----- Original Message -----
From: "Kresimir Fresl" <fresl@[...].hr> 
To: <boost@[...].org> 
Sent: Thursday, September 26, 2002 6:47 PM
Subject: Re: [boost] ublas interoperability


> 
>  Michael Stevens wrote:
> 
>  >> From:
>  >> nbecker@[...].com (Neal D. Becker)
> 
>  >> Can ublas matrixes interconvert to/from plain old C pointers (to
>  >> interop with legacy code)?  If so, how can a Matrix be converted to a
>  >> pointer to the start of storage?  Is conversion in the other direction
>  >> possible?
> 
>  > It is very easy to get a pointer to the start of storage.
> 
>  Unfortunately, not always. Or, to be more exact, it seems that there
>  is no simple `universal' solution.
> 
>  > The uBLAS
>  > contianer (matrix,vector etc) all wrap an underling storage type. This
>  > is usualy the 'unbounded_array' type. You can easily get a reference to
>  > this array using the accessor functions '.data()'.
> 
>  > From then it is easy to get a pointer to the begin of the storage
>  > using '.begin()'
> 
>  > Therefore to get a pointer to the first element of matrix A used
>  >     A.data().begin()
> 
>  Yes, ublas::unbounded_array<>::begin() returns
>  ublas::unbounded_array<>::iterator (or const_iterator),
>  which *happens* to be a pointer. (The same is true
>  for ublas::bounded_array<>.)
> 
>  But, for other storage types this need not be true; e.g. storage
>  type can be std::vector<> and its iterator can be `proper' class
>  (and it is in gnu library).
> 
>  One can try
> 
>      &A.data()[0]
> 
>  that is, take the address of the first element of storage array.
> 
>  But this does not work when storage type is
>  ublas::(un)bounded_array<> and A is const. Namely,
>  return type of `operator[]() const' is
>  ublas::type_traits<>::const_reference, which for
>  built-in types (e.g. float and double) is not reference,
>  but value (e.g. not `double const&' but `double').

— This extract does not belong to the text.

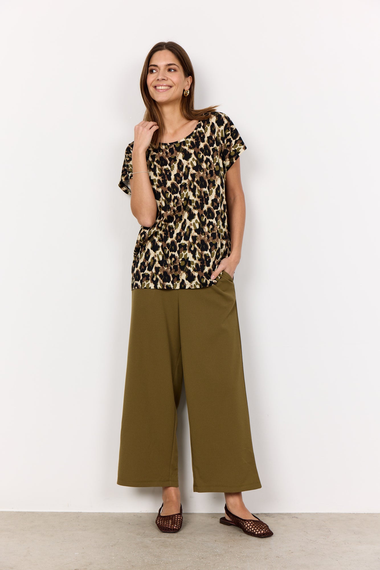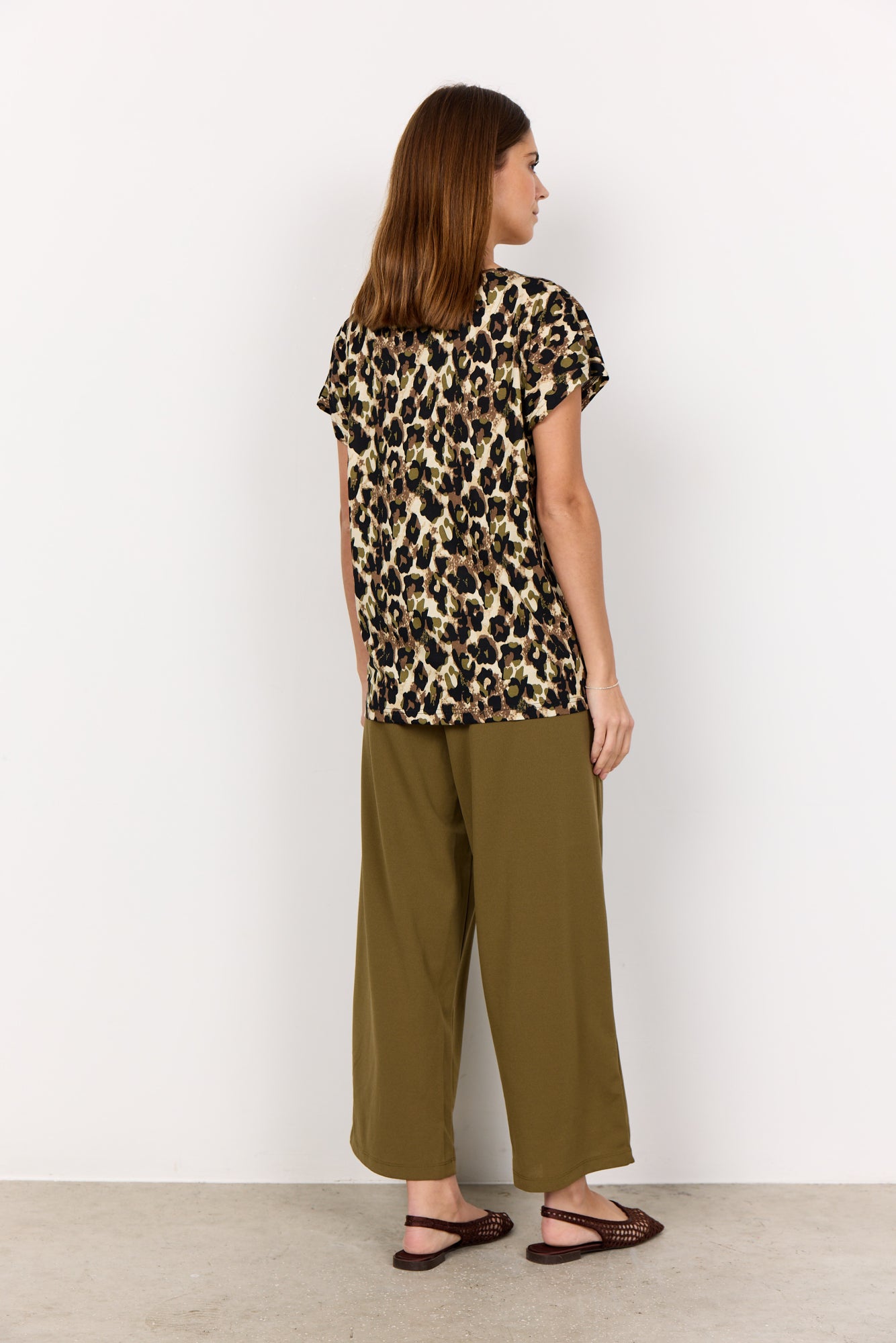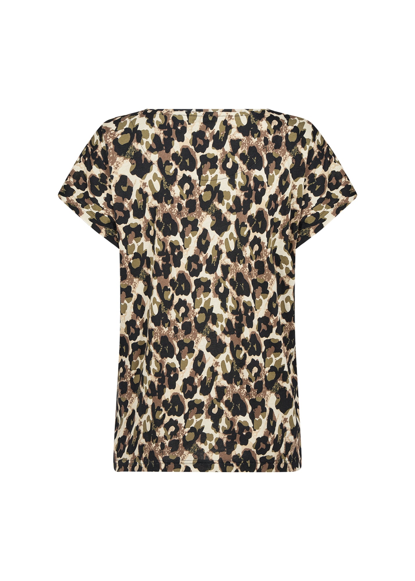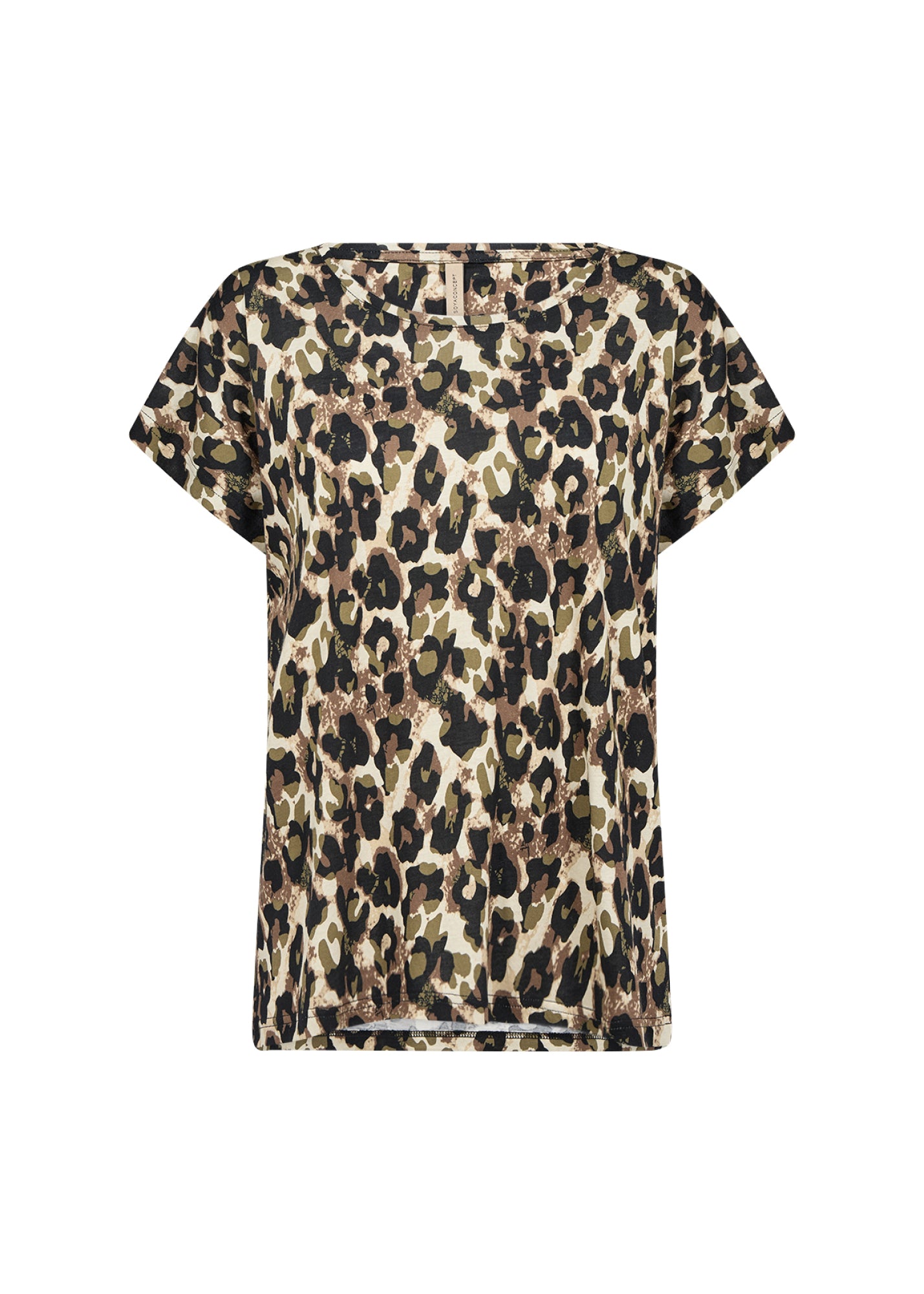 SC-FELICITY AOP 515 ist ein T-Shirt aus 50% Bio-Baumwolle und 50% Viskose. Es hat einen Rundhalsausschnitt, kurze Ärmel und einen auffälligen Leopardenprint. Kombiniere es mit Jeans oder einem Rock für einen entspannten und stilvollen Look.

OK, here we're discussing at the border of genericity vs. optimization. If
genericity would be of greater importance, we could disable this
optimization.

>  Maybe:
> 
>      &*A.data().begin()

i.e. &A.data().begin()[0] ?

> 
>  This works both with ublas::(un)bounded_array<>
>  and std::vector<>. But if storage type defines
>  const_iterator type whose const_reference is
>  ublas::type_traits<>::const_reference, there's again
>  a problem.

OK, but the set of supported storage containers currently is limited to
ublas::(un)bounded_array and std::vector. Maybe we should consider
boost::array, too (if your patch is accepted eventually ;-) For that
scenario someone would have to implement a new container.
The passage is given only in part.